**Aim of the task**
Task for the records below: copy exactly from the first line on, stopping once the line with "安妹妹 高级会员 注册" is copied, and leave out the pictures.

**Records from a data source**
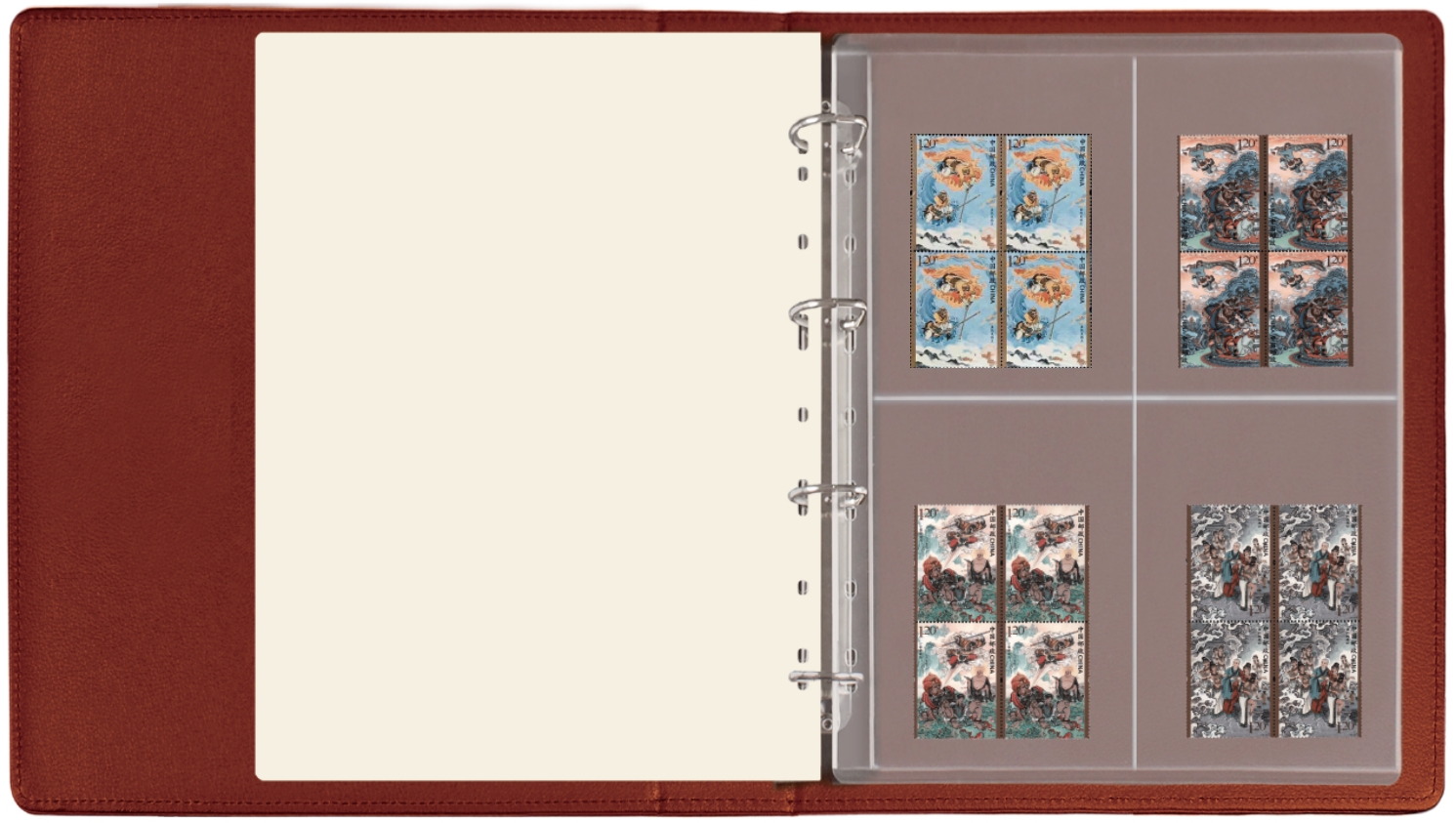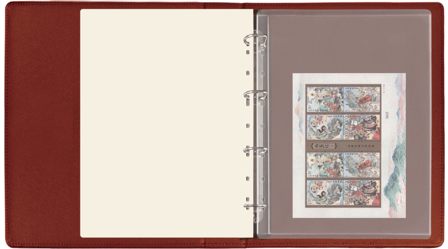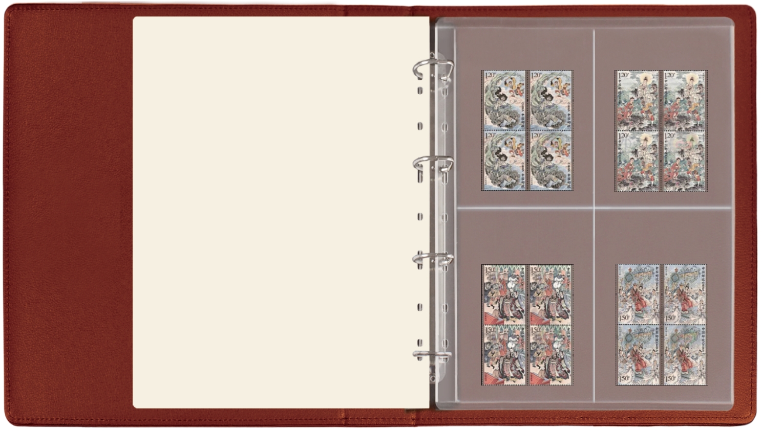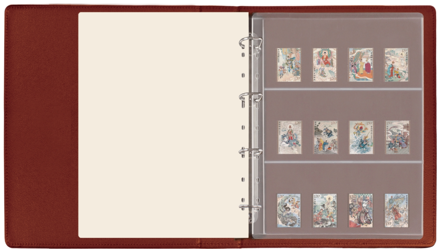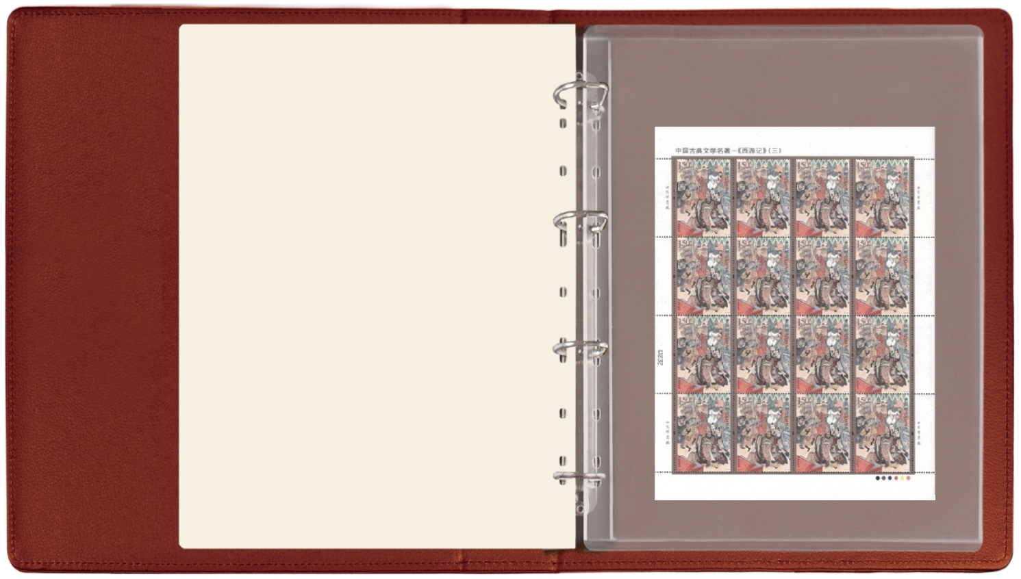 产品内含中国邮政自2015年至2023年发行的《中国古典文学名著——<西游记>》一至五组邮票套票、四方连、小型张、版式一、版式二、四方连邮票折和全张邮票折,并使用精美活页册作为包装物,既便于观赏邮票,又对邮票起到很好的保护作用。
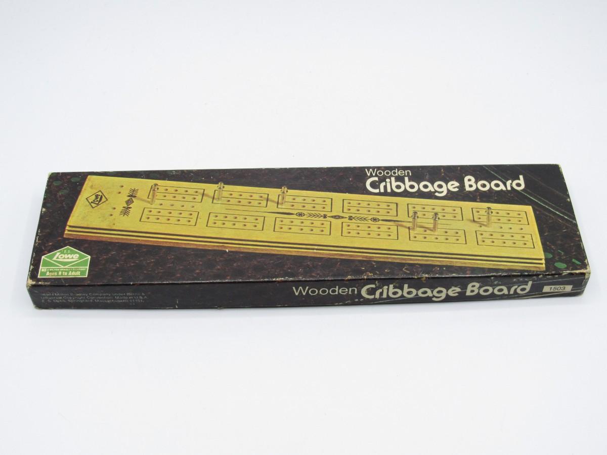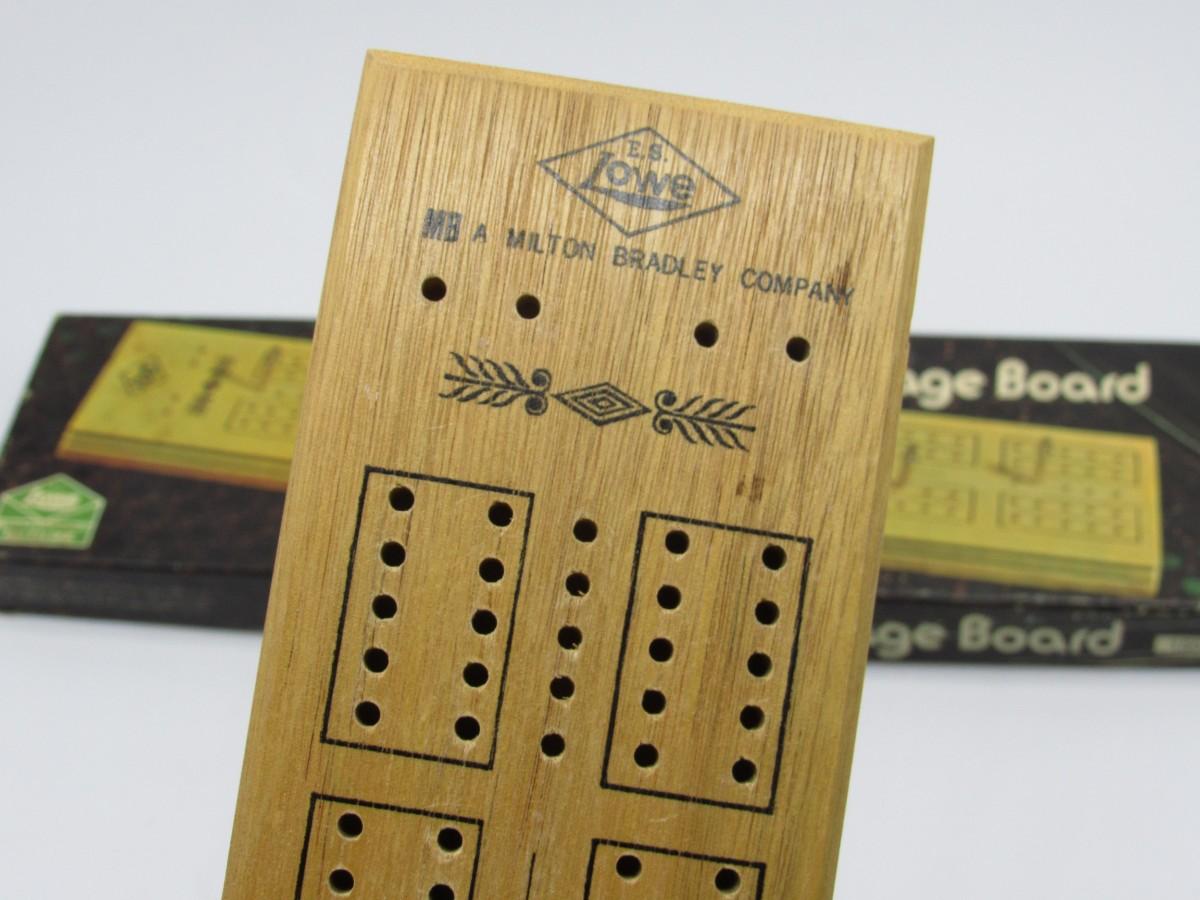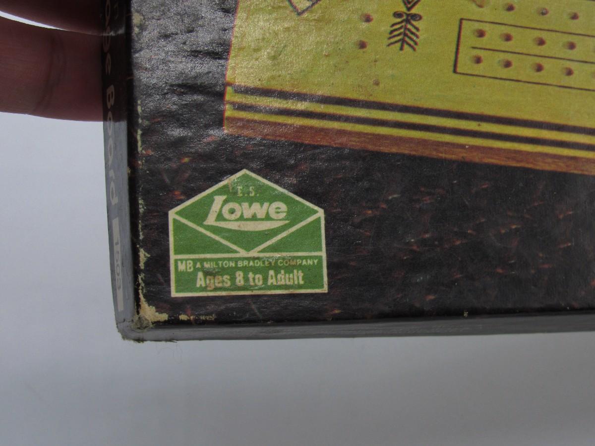 Vintage 1974 Milton Bradley E.S Lowe Wooden Cribbage Board with Original Box
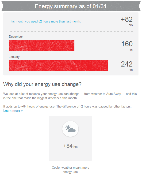 安妹妹 高级会员 注册 2014-11-18 消息 1,583 荣誉分数 411 声望点数 93 2015-02-10 #25 月下独酌 说: 一月份冷啊,没办法。我家也200了 Nest Energy Report 浏览附件489026 点击展开... 那就是说下个月还有可能少点。。。算是点安慰吧。太吓人了。。
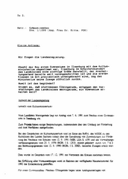 Zu 2. Betr.: Gymnasiumsbau Drs. l/1099 (Abg. Frau Dr. Sitte, POS) Kleine Anfrage: Wir fragen die Landesregierung: Obwohl der Bau ei ne s Gy �n as iu ms in Il se nb ur g mit de � Ku lt us •1nisterium ab ge st im •t wa r, Il se nb ur g 1• Sc hu ln et zk on ze pt des Landkreises eine wichtige Größe �arstellt, der Anarbei tu ng ss ta nd be re it s we it vo ra ng esch ri tten is t un d di e er st en Klassen im Ort provisorisch untergebracht sind, zog das Ministerium seine Zusage plötzlich zurück. Womit ist das begründet? Stim•t es, daß stattdessen Elbingerode, entgegen den Vor stellungen des Landkreises Wernigerode, ein Gy•nasium er halten soll? (erstellt vom Kultusministerium 1 Vom Landkreis Wernigerode liegt ein Äültrag vom 7. 6. 1991 zum Neubau eines Gymnasi . ums in Ilseuburg vor. Zum Ptojckt haben einige Besprechungen. insbesondere über den Umfang der Förderung und zum Verfahren stattgefunden. Bei den Gesprächen im Kultusministerium sind im Siitne des RdErl. des MSEK zu den Richtlinien des Landes Sachsen-Anhalt über die G�währung von Zuwendungen zur Förde rung des Neubaus von Schuien vom 12. 9. 1991 (MBl. LSA S. 439) und des Verwaltungs verfahrensgesetzes vom :5. 5. 1976 (BGBl. I S. 1253). zuletzt geändert durch .-\rt. 7 § 3 des Betreuungsgesetzes vom 12 9. 1990 (BGBl. I S. 2002). keinerlei Zusagen erteilt wor . den. Dies wurde im Gespräch vom 17. 1:2. 1991 mit Vertretern des Kreises nochmals betOnt. Bei Erfüllung aller VoraussetzUngen wird im Rahmen der verfügbaren Haushaltsmittel für 1992 die Entscheidung getroffen. Für l!inen Gymnasia.ibau • Neubau• Elbingerode liegen keine Antr:lgsunteriagen vor.
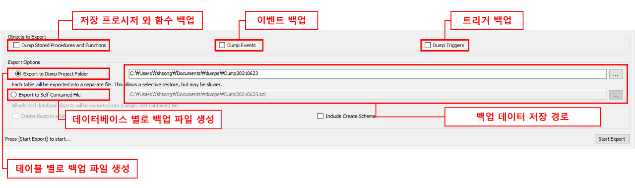 Data Export 에서 세부 항목들
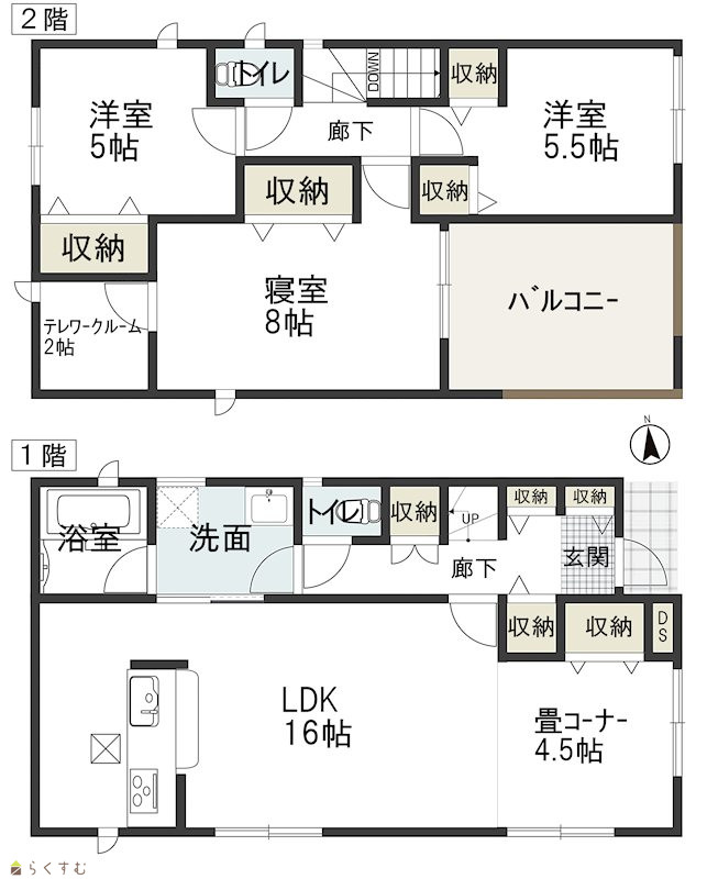 3LDK (洋室:8、5、5.5) LDK16 畳コーナー4.5 テレワークルーム2 |
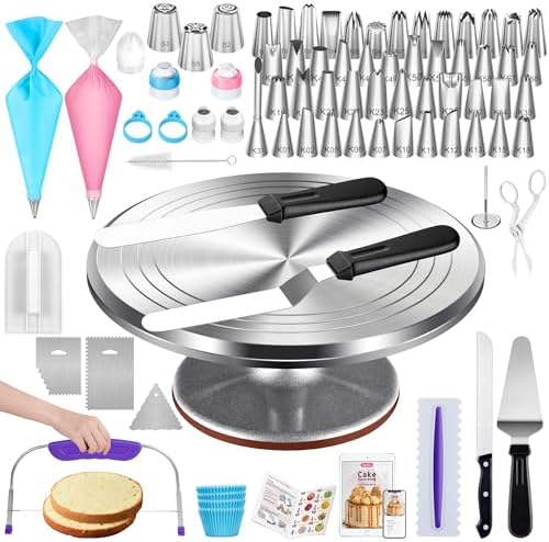 - Complete Cake Decorating Kit - This 253-piece baking supplies has everything the cake beginner or pros use including an 12-inch aluminum alloy cake turntable, 48 numbered piping tips, 3 Russian nozzles, 1 pastry bag & 100 disposable piping bags, 2 bag ties, straight & angled icing spatula, cake knife, cake server, 4 cake icing comb scraper, icing smoother, cake leveler, 5 different size couplers, 80 cupcake liners, flower nail & lifter, cleaning brush.
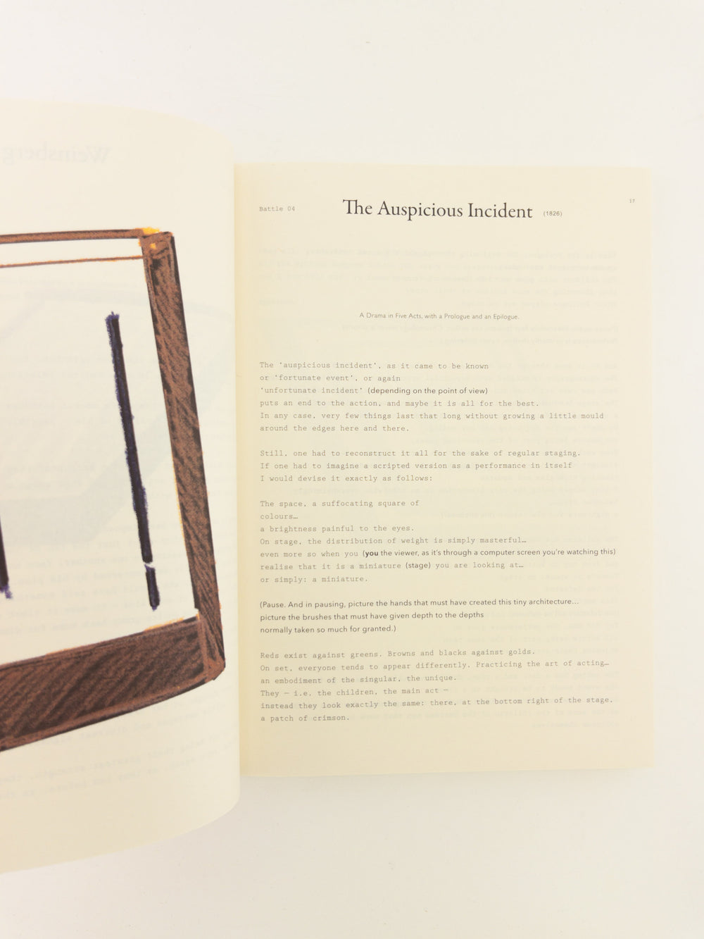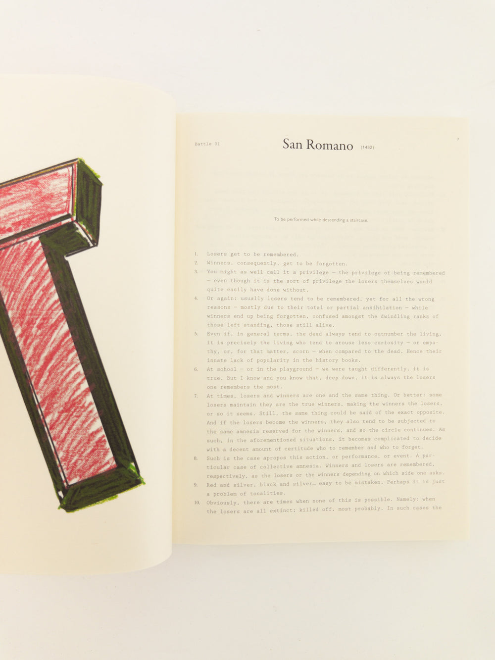 Pedraglio’s second book with Book Works, takes battles as a story-telling frame to focus on the small details and absurdities that characterise almost all of historical events and that end up changing the course of their action. Mixing into the historical stories, are personal accounts, trivial idiosyncratic events that become elevated to the same status as those that effect history.

**Reply to the task**
 产品内含中国邮政自2015年至2023年发行的《中国古典文学名著——<西游记>》一至五组邮票套票、四方连、小型张、版式一、版式二、四方连邮票折和全张邮票折,并使用精美活页册作为包装物,既便于观赏邮票,又对邮票起到很好的保护作用。
 Vintage 1974 Milton Bradley E.S Lowe Wooden Cribbage Board with Original Box
 安妹妹 高级会员 注册 2014-11-18 消息 1,583 荣誉分数 411 声望点数 93 2015-02-10 #25 月下独酌 说: 一月份冷啊,没办法。我家也200了 Nest Energy Report 浏览附件489026 点击展开... 那就是说下个月还有可能少点。。。算是点安慰吧。太吓人了。。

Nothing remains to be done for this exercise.